Figure 9 Pick the main folder that contains the data files of the respective well plate.

Note: Although the actual files are stored in subfolders choosing the folder TMZ_and_LY as the folder that contains all files for the respective well plate is the way to go as cypro looks into the subfolders as well.

Once the folder is assigned cypro evaluates by well how many of the expected files were found and indicates that by plotting the well plate colored according to the file availability (Figure 10).

For instance, the well plate designed here contained information for wells in rows A, D, E and H and columns 1-9. The input box ‘Images per Well’ was set to 3. cypro therefore expects to find three files for every well named according to the syntax mentioned above. Depending on the number of matching files found one of the four colors appears:

Green: All files were found for that well.
Yellow: Some files were found for that well.
Red: No files were found for that well.
Blue: More than the expected number of files were found. This can happen if files are stored in subfolders and accidentally were named equally.

For instance files ~/subfolder1/A1_1.csv and ~/subfolder2/A1_1.csv would result in well A1 appearing blue.

Note: Figure 9 shows the content of folder ~/168/Ctrl/. It contains several files with the well-image pattern A4_2. However, only one of the file names is valid which is why the evaluation plot in Figure 10 does not indicate that there are any ambiguous files. On the other hand there are several files that end with the well image pattern A5_1. Although the files are prefixed differently cypro does not recognize the difference as it considers all files that end with a well-image pattern as valid. The input for well image A5_1 is ambiguous. Ambiguous files need to be either removed or renamed.

Figure 10 Wells that were dismissid in designExperiment() are ignored and always displayd in grey.

In case of missing files the well plate plotted could look like this. (A well plate from a different experiment design.)

Figure 11 If no files were found the wells are displayed in red.

Missing and incomplete wells do not prevent you from loading the data. If you realize that some files are missing, check for possible naming issues, correct what needs to be corrected and then assign the folder again. The file availability is reevaluated and colors should change accordingly. Once all well plates have a folder assigned to them and no ambiguous files were found the box ‘Well Plate Status’ turns green indicating that the data is ready to be loaded.

Figure 12 A green ‘Well Plate Status’ box indicates that the data files are ready to be loaded.

After clicking on ‘Load Data’ a progress bar is going to appear in the lower right corner indicating the loading progress. While being loaded all files are checked to match the requirements set up during the variable denotation. If any errors occur during the loading process they are presented in the box ‘Load Files & Proceed’ in combination with the error message returned.

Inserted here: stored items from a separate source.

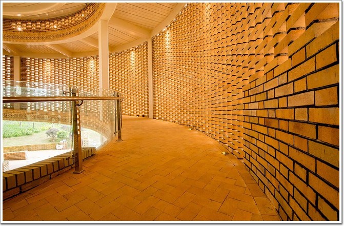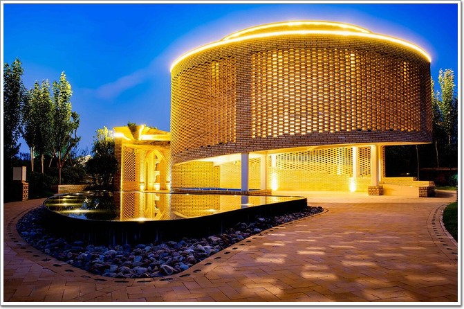 琴弦園路所引向的終點是一座以鏤空磚為外皮的圓形展館,代表“熱瓦普”的發聲裝置——“共鳴箱”,這種“粗糙”的磚墻即有著西域的粗獷,讓人聯想到戈壁沙漠的建筑風貌,同時,建筑也帶著中原的細膩,古樸而典雅。而鏤空的外皮設計除了視覺上的美觀,也能給建筑帶來很好的通風效果。
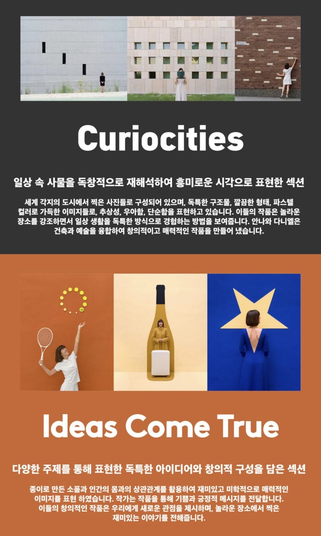 종이로 만든 소품과 인간의 몸과의 상관관계를 활용하여 재미있고 미학적으로 매력적인 이미지를 표현한 섹션은 우리에게 새로운 관점을 제시하고 놀라운 장소에서 찍은 재미있는 이야기를 전해줍니다.
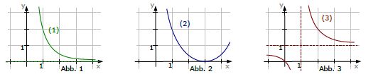 sind drei Schaubilder mitsamt Asymptoten gezeichnet. Ordnen Sie die Schaubilder ihren Funktionen zu.
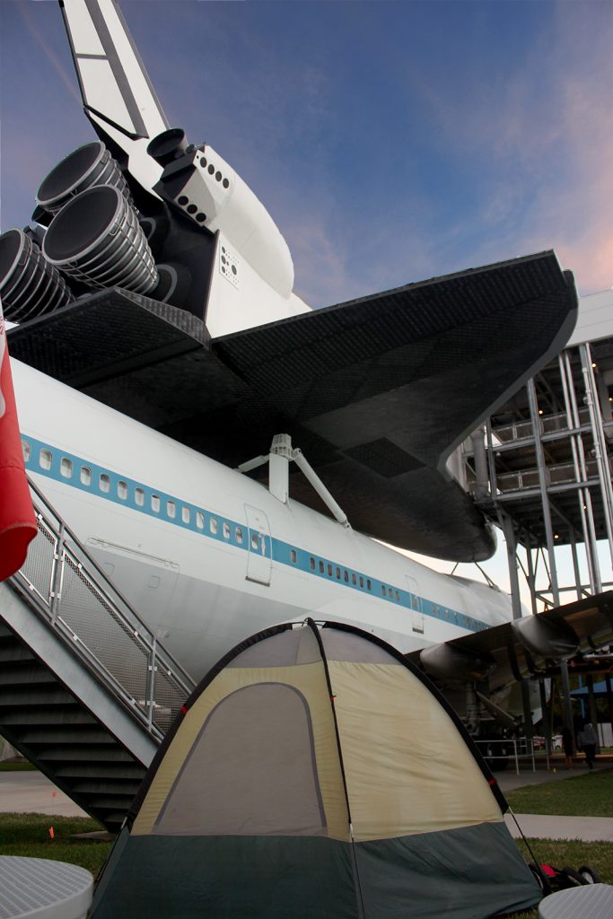 Pack your tent and set up camp under a twice-flown Falcon 9 rocket or in Independence Plaza, right underneath a Boeing 747, the shuttle carrier aircraft NASA 905, and our high-fidelity shuttle replica Independence. Prefer to cozy up indoors? All you need is a sleeping bag and a pillow to complete your campsite, surrounded by some of the rarest spaceflight artifacts on Earth.
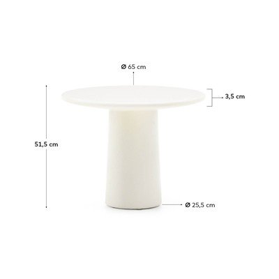 Konferenční stolek Albanella od značky Kave Home představuje harmonické spojení stylu a praktičnosti. Tento kulatý stolek s lesklou povrchovou úpravou je vyroben z GFRC, kompozitního materiálu z cementu vyztuženého skleněnými vlákny. Díky tomu je lehký, odolný proti opotřebení a zároveň si zachovává robustní konstrukci.

Figure 13 If errors occured while loading some files they are listed here.

Again, you can choose to ignore failed files and simply proceed without them by clicking on ‘Save & Proceed’ and then on ‘Return Cypro Object’. If possible you can fix the reason that prevented cypro from reading the file successfully and click on ‘Load Data’ again.

3. Load one file

The way loadDataFile() works is very similar to the way loadDataFiles() works. There are two differences:

Instead of uploading a template file you immediately upload the file that contains all the data.
Before denoting the module specific variables you need to denote the ones that contain the information about the well plate, well and ROI.

Figure 14 The interface of loadDataFile() looks slightly different.

These experiment design variables are then checked for validity. If they can be used to match the data to the experiment design you can proceed with denoting the module specific variables as described above and eventually return the cypro-object that now contains the data.